In this talk we will argue that a
multi-threaded control architecture with a library of partial plans
that are a generalization of Nilsson's Teleo-Reactive
(TR) rule procedures allows for the smooth integration of three key levels
of robot control:
1: Speedy but goal directed response to changing sensor readings
2: Switching between level 1 control procedures when higher level inferred beliefs about the state of the environment change
3: Reacting to events and goals by selecting appropriate level 2 control plans
We start by introducing and demonstrating the use of TR rule procedures with
a simulation and visualisation of purely
reactive can collecting robot.
We will then show how a mutually recursive set of TR procedures, with rules that test beliefs inferred from sensor reading using concept defining rules, can be used to program a block stacking robot arm that can systematically build a tower of named blocks and ‘knows’ when the tower is completed.
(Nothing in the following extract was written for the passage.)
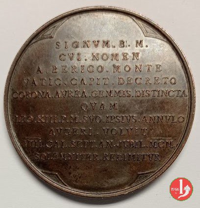 Verso: nel campo entro cornice quadrilobata: SIGNVM • B • M • = CVI • NOMEN = A • BERICO • MONTE = VATIC • CAPIT • DECRETO = CORONA • AVREA • A • GEMMIS • DISTINCTA = QVAM = LEO • XIII • P • M • SVO • IPSIVS • ANNVLO = AVGERI • VOLVIT = VIII  • KAL • SEPT • AN • JVBIL • MCM  = SOLENMITER • REDIMITVR
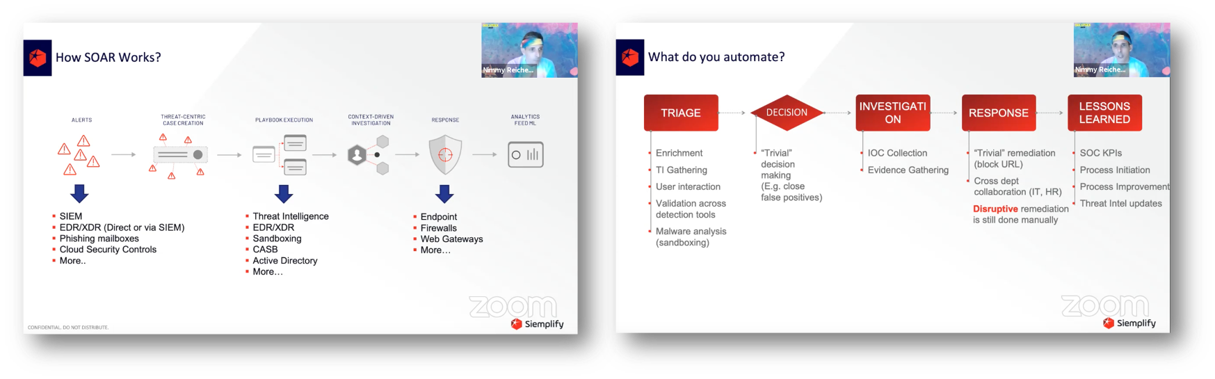 Не менее интересным был доклад и от компании Siemplify, которая рассказала как о том, что такое SOAR и зачем нужна автоматизации в SOC, так и привела немало сценариев, в которых автоматизация действительно помогает специалистам по мониторингу ИБ. Причем это были как достаточно стандартные сценарии типа фишинговой атаки или подбора пароля, так и менее распространенные, такие как утечка данных из облака или обработка фидов о киберугрозах во время пандемии COVID-19.

A simulation will be demonstrated.
A key feature of TR procedure control is that the robot can be helped or hindered in its task and the TR procedure will immediately respond by skipping actions, if helped, or by redoing actions if hindered. This operational semantics leads naturally to a multi-threaded implementation, with one thread for each active procedure.
A multi-tasking robot can respond to events: new goal events or just
significant belief updates triggered by sensor readings. It then selects an
appropriate plan of action for each event using
event/plan selection rules.
We conclude by describing our top level control architecture which borrows from classic BDI architectures, particularly AgentSpeak(L). It has a separate event handling thread that selects and invokes appropriate plans for events, sometimes suspending currently executing but incompatible plans for lower priority events. The plans are a generalization of TR procedures.